Segment Start: PROVIDED INFORMATION

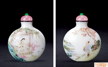 香港曾拍出的清乾隆玻璃畫琺瑯西洋仕女鼻煙壺,刷新了當(dāng)時(shí)中國(guó)鼻煙壺拍賣的世界紀(jì)錄。國(guó)內(nèi)鼻煙壺拍賣的最高價(jià)誕生于中國(guó)嘉德拍賣。2011年,一件清乾隆款御制鼻煙壺拍出了782萬(wàn)人民幣的高價(jià)。此件煙壺采用了銅胎畫琺瑯的工藝,煙壺兩面各繪一歐式仕女,人物線條流暢,顏色柔和絢麗。在香港及歐美國(guó)家的拍賣中,也??吹綗焿厥詹卮蠹业牟仄?,如香港邦瀚斯已連續(xù)推出瑪麗和莊智博夫婦煙壺拍賣專場(chǎng),現(xiàn)在的鼻煙壺世界紀(jì)錄就是在2011年的專場(chǎng)中誕生的;佳士得拍賣也相繼推出了《小有洞天——J&J鼻煙壺珍藏》專場(chǎng)……而國(guó)內(nèi)的此類專場(chǎng)相對(duì)數(shù)量較少,鼻煙壺市場(chǎng)似乎也有內(nèi)冷外熱的現(xiàn)象。事實(shí)上,西方國(guó)家首先刮起了一陣較為系統(tǒng)化的鼻煙壺收藏?zé)帷?968年,美國(guó)中國(guó)鼻煙壺協(xié)會(huì)成立,即今天的國(guó)際中國(guó)鼻煙壺協(xié)會(huì),成立至今已有成員500多人。此后,世界各地也陸續(xù)成立了許多鼻煙壺專業(yè)研究團(tuán)體,如新加坡牛車水鼻煙壺學(xué)會(huì)等。甚至有學(xué)者認(rèn)為,世界上大部分重要的鼻煙壺收藏及研究專著,都在國(guó)外。近年來(lái),隨著藝術(shù)品市場(chǎng)的整體發(fā)展,鼻煙壺也越來(lái)越受到國(guó)內(nèi)廣大藏家的喜愛和追捧,煙壺的最高拍賣紀(jì)錄也在不斷地刷新。但由于這個(gè)市場(chǎng)整體起步相對(duì)較晚,有人認(rèn)為未來(lái)仍能有一定的發(fā)展空間。
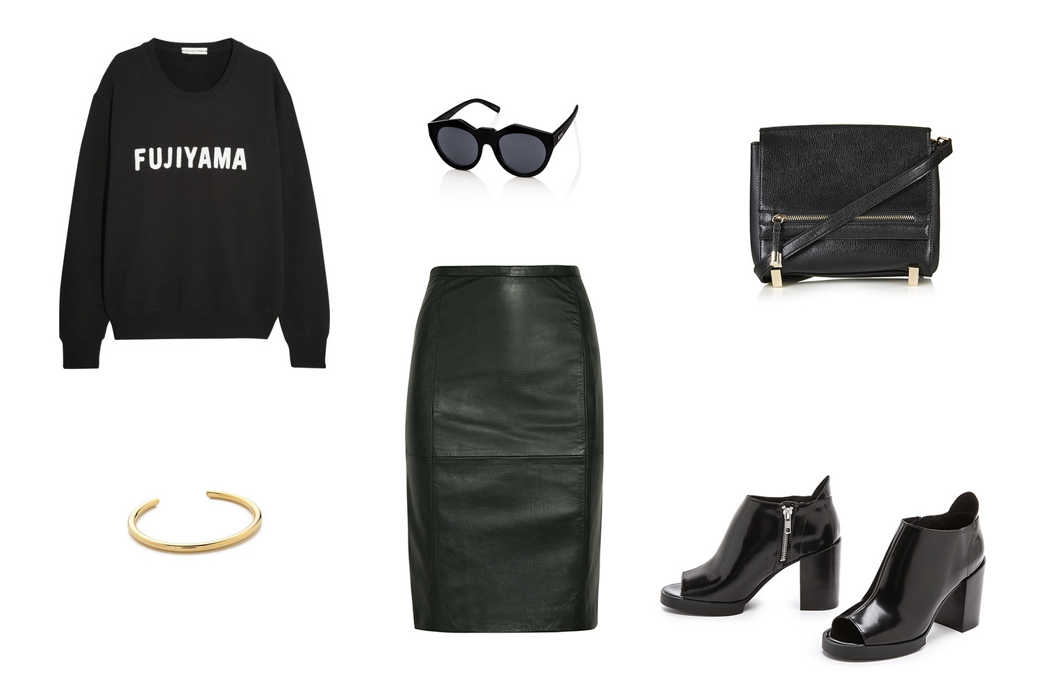 Sweatshirts are the cloth I really want to cuddle in right now. Give me of the Etoile Isabel Marant collection, and everything falls into place. Add a little extra like a fireplace, chunky boots and this cute, perfect fitted skirt from Finders Keepers and, well, job done. Sweatshirt paired with leather pencil skirts are such a great cool combination.
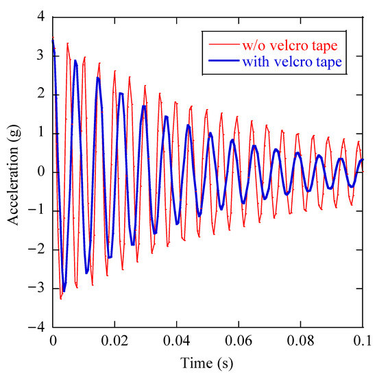Figure 8 shows the time histories of the free vibration responses of the solar panel. The results show that the vibration of the solar panel can be effectively suppressed by employing the Velcro tape on its mounting interface. The first eigenfrequencies of the solar panel module with and without the Velcro tape are 137.74 Hz and 206.18 Hz, respectively. The damping ratio calculated from the vibration period of the solar panel with the Velcro tape is 0.16, which is higher by a factor of 1.5 than that of the solar panel without using the Velcro tape. The ability of the Velcro tape to rapidly attenuate the transmitting vibration on the solar panel was verified by the free vibration tests. The application of the Velcro tape-type HRM in a deployable solar panel could ensure the structural safety of the installed solar cells by reducing the dynamic stress on the solar panels.
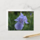 Pretty close-up of Periwinkle Iris with yellow white center and greenery. Bud on long stem in the background. Original Photography by TamiraZDesigns.
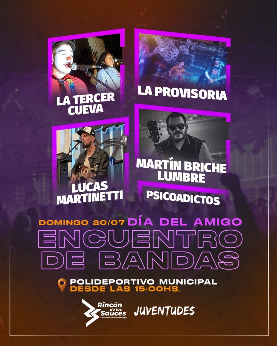 Este domingo 20 de julio, Rincón de los Sauces celebrará el Día del Amigo a puro rock y música en vivo con un Encuentro de Bandas que reunirá a artistas locales de distintos géneros en el Polideportivo Municipal. La actividad comenzará a las 15:00 horas y está organizada por el área de Juventudes de la Municipalidad.
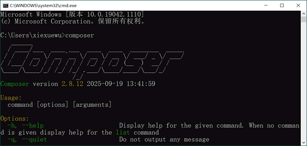 ④ 按组合键 win + R 输入 cmd 出现命令提示框,输入 composer 回车,看到下图的输出信息证明安装成功:
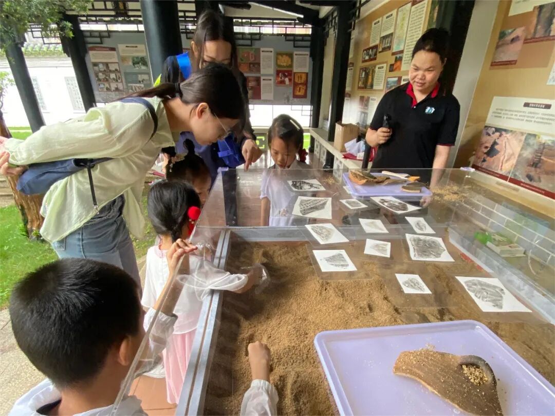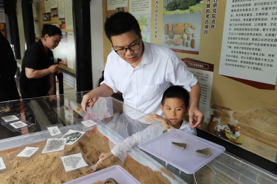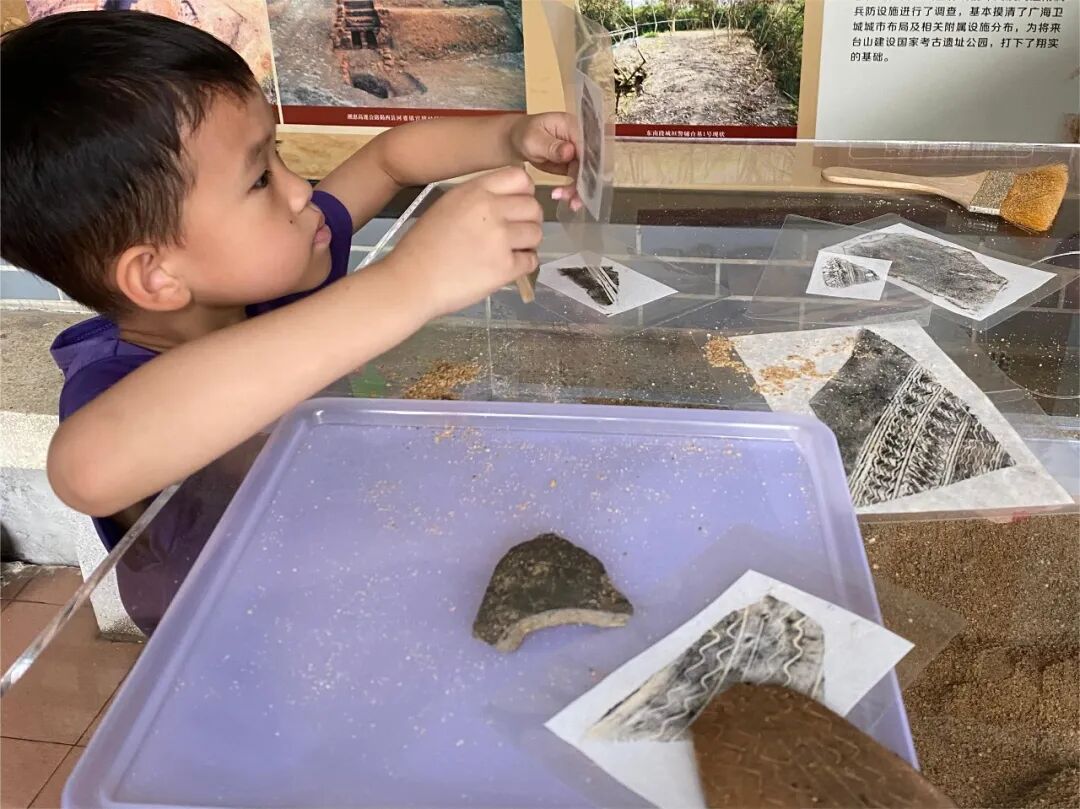 在广东省科技考古基地内,新设了考古知识长廊和全新的考古体验活动——考古沙盘。在工作人员的指引下,游客们可以在考古沙盘中使用工具发掘出碎陶片,并通过观察纹饰、肌理,找到对应的拓片。大家在活动中得以近距离感受考古发掘的魅力与乐趣。
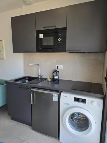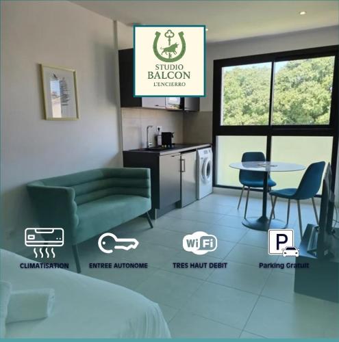 Studio avec Balcon     The studio provides a wardrobe, a dressing room, as well as a private bathroom featuring a shower and a hairdryer. Guests can make meals in the kitchen that is equipped with a stovetop, a refrigerator, kitchenware and a microwave. This studio is air-conditioned and features a seating area with a flat-screen TV, a washing machine, a private entrance, a coffee machine, as well as a dining area. The unit offers 1 bed. | ||
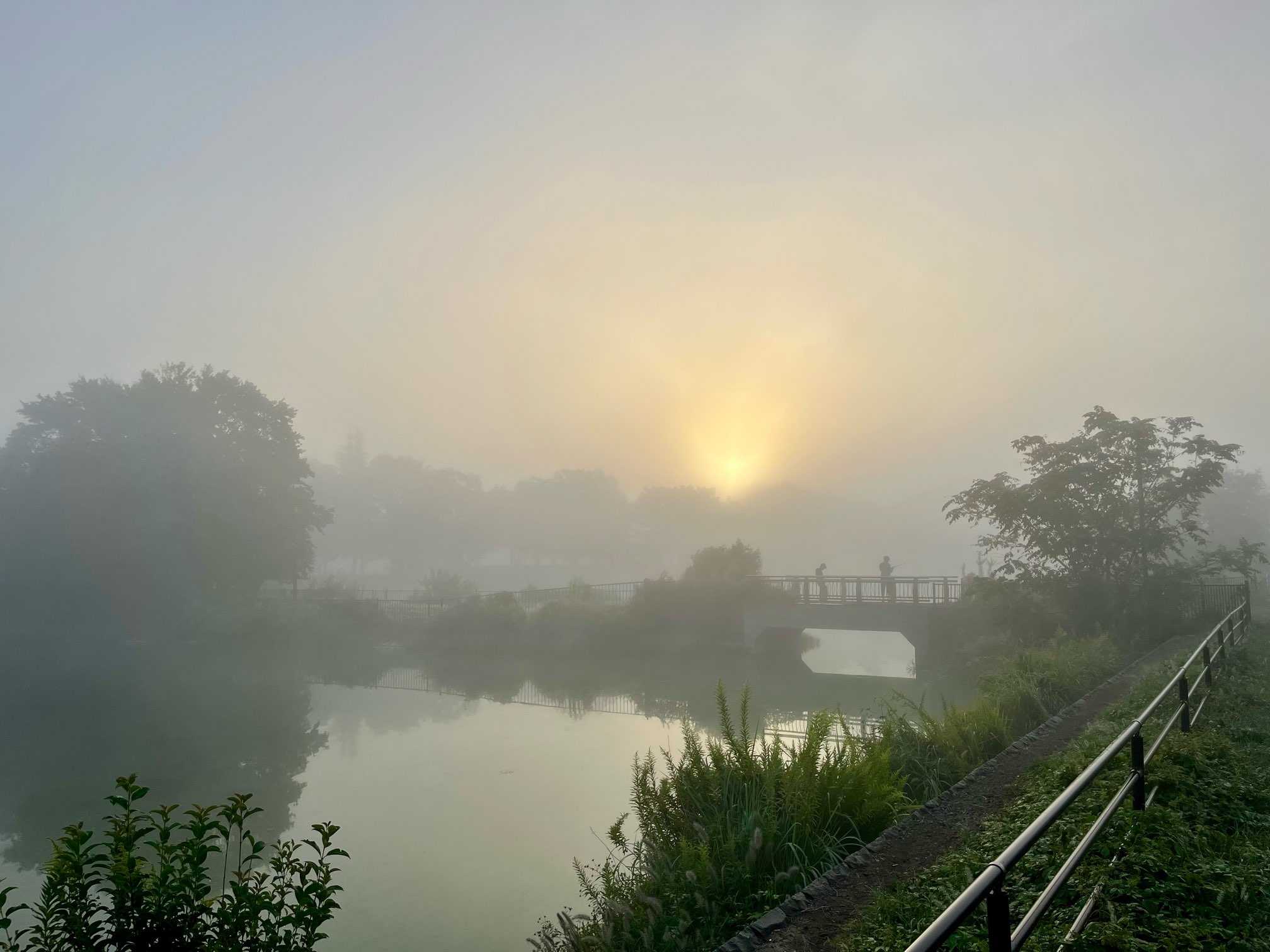 次第に朝日が昇り、霧が薄くなってきました。
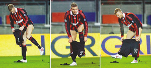 不知是不是太過賣力,動(dòng)作幅度太大,貝克漢姆的球褲在比賽中竟然撕裂了。向裁判申請(qǐng)后,米蘭隊(duì)工作人員將新球褲遞了上來,場上的萬人迷直接站在草地上,一把扯下身上的球褲,扔在地上,再將新球褲穿了上去。整個(gè)動(dòng)作連貫流暢,沒有一絲猶豫,不過在他彎腰的時(shí)候,全場觀眾仍然看到了他的黑色緊身內(nèi)褲下屁股的線條,這遠(yuǎn)遠(yuǎn)比貝克漢姆的腳法更容易讓女球迷激動(dòng)。
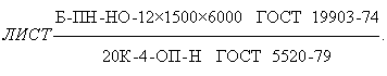 Листовой прокат нормальной точности прокатки (Б), нормальной плоскостности (ПН), с необрезными кромками (НО), размером 12´1500´6000 мм из стали марки 20К, категории 4, очищенной от окалины (ОП), нормализованный (Н):

Segment End: PROVIDED INFORMATION

WORK REQUIRED —
With pictures excluded, the material is to be written out exactly as given.

THE COMPLETED TASK —
 香港曾拍出的清乾隆玻璃畫琺瑯西洋仕女鼻煙壺,刷新了當(dāng)時(shí)中國(guó)鼻煙壺拍賣的世界紀(jì)錄。國(guó)內(nèi)鼻煙壺拍賣的最高價(jià)誕生于中國(guó)嘉德拍賣。2011年,一件清乾隆款御制鼻煙壺拍出了782萬(wàn)人民幣的高價(jià)。此件煙壺采用了銅胎畫琺瑯的工藝,煙壺兩面各繪一歐式仕女,人物線條流暢,顏色柔和絢麗。在香港及歐美國(guó)家的拍賣中,也??吹綗焿厥詹卮蠹业牟仄?,如香港邦瀚斯已連續(xù)推出瑪麗和莊智博夫婦煙壺拍賣專場(chǎng),現(xiàn)在的鼻煙壺世界紀(jì)錄就是在2011年的專場(chǎng)中誕生的;佳士得拍賣也相繼推出了《小有洞天——J&J鼻煙壺珍藏》專場(chǎng)……而國(guó)內(nèi)的此類專場(chǎng)相對(duì)數(shù)量較少,鼻煙壺市場(chǎng)似乎也有內(nèi)冷外熱的現(xiàn)象。事實(shí)上,西方國(guó)家首先刮起了一陣較為系統(tǒng)化的鼻煙壺收藏?zé)帷?968年,美國(guó)中國(guó)鼻煙壺協(xié)會(huì)成立,即今天的國(guó)際中國(guó)鼻煙壺協(xié)會(huì),成立至今已有成員500多人。此后,世界各地也陸續(xù)成立了許多鼻煙壺專業(yè)研究團(tuán)體,如新加坡牛車水鼻煙壺學(xué)會(huì)等。甚至有學(xué)者認(rèn)為,世界上大部分重要的鼻煙壺收藏及研究專著,都在國(guó)外。近年來(lái),隨著藝術(shù)品市場(chǎng)的整體發(fā)展,鼻煙壺也越來(lái)越受到國(guó)內(nèi)廣大藏家的喜愛和追捧,煙壺的最高拍賣紀(jì)錄也在不斷地刷新。但由于這個(gè)市場(chǎng)整體起步相對(duì)較晚,有人認(rèn)為未來(lái)仍能有一定的發(fā)展空間。
 Sweatshirts are the cloth I really want to cuddle in right now. Give me of the Etoile Isabel Marant collection, and everything falls into place. Add a little extra like a fireplace, chunky boots and this cute, perfect fitted skirt from Finders Keepers and, well, job done. Sweatshirt paired with leather pencil skirts are such a great cool combination.
Figure 8 shows the time histories of the free vibration responses of the solar panel. The results show that the vibration of the solar panel can be effectively suppressed by employing the Velcro tape on its mounting interface. The first eigenfrequencies of the solar panel module with and without the Velcro tape are 137.74 Hz and 206.18 Hz, respectively. The damping ratio calculated from the vibration period of the solar panel with the Velcro tape is 0.16, which is higher by a factor of 1.5 than that of the solar panel without using the Velcro tape. The ability of the Velcro tape to rapidly attenuate the transmitting vibration on the solar panel was verified by the free vibration tests. The application of the Velcro tape-type HRM in a deployable solar panel could ensure the structural safety of the installed solar cells by reducing the dynamic stress on the solar panels.
 Pretty close-up of Periwinkle Iris with yellow white center and greenery. Bud on long stem in the background. Original Photography by TamiraZDesigns.
 Este domingo 20 de julio, Rincón de los Sauces celebrará el Día del Amigo a puro rock y música en vivo con un Encuentro de Bandas que reunirá a artistas locales de distintos géneros en el Polideportivo Municipal. La actividad comenzará a las 15:00 horas y está organizada por el área de Juventudes de la Municipalidad.
 ④ 按组合键 win + R 输入 cmd 出现命令提示框,输入 composer 回车,看到下图的输出信息证明安装成功:
 在广东省科技考古基地内,新设了考古知识长廊和全新的考古体验活动——考古沙盘。在工作人员的指引下,游客们可以在考古沙盘中使用工具发掘出碎陶片,并通过观察纹饰、肌理,找到对应的拓片。大家在活动中得以近距离感受考古发掘的魅力与乐趣。
 Studio avec Balcon     The studio provides a wardrobe, a dressing room, as well as a private bathroom featuring a shower and a hairdryer. Guests can make meals in the kitchen that is equipped with a stovetop, a refrigerator, kitchenware and a microwave. This studio is air-conditioned and features a seating area with a flat-screen TV, a washing machine, a private entrance, a coffee machine, as well as a dining area. The unit offers 1 bed. | ||
 次第に朝日が昇り、霧が薄くなってきました。
 不知是不是太過賣力,動(dòng)作幅度太大,貝克漢姆的球褲在比賽中竟然撕裂了。向裁判申請(qǐng)后,米蘭隊(duì)工作人員將新球褲遞了上來,場上的萬人迷直接站在草地上,一把扯下身上的球褲,扔在地上,再將新球褲穿了上去。整個(gè)動(dòng)作連貫流暢,沒有一絲猶豫,不過在他彎腰的時(shí)候,全場觀眾仍然看到了他的黑色緊身內(nèi)褲下屁股的線條,這遠(yuǎn)遠(yuǎn)比貝克漢姆的腳法更容易讓女球迷激動(dòng)。
 Листовой прокат нормальной точности прокатки (Б), нормальной плоскостности (ПН), с необрезными кромками (НО), размером 12´1500´6000 мм из стали марки 20К, категории 4, очищенной от окалины (ОП), нормализованный (Н):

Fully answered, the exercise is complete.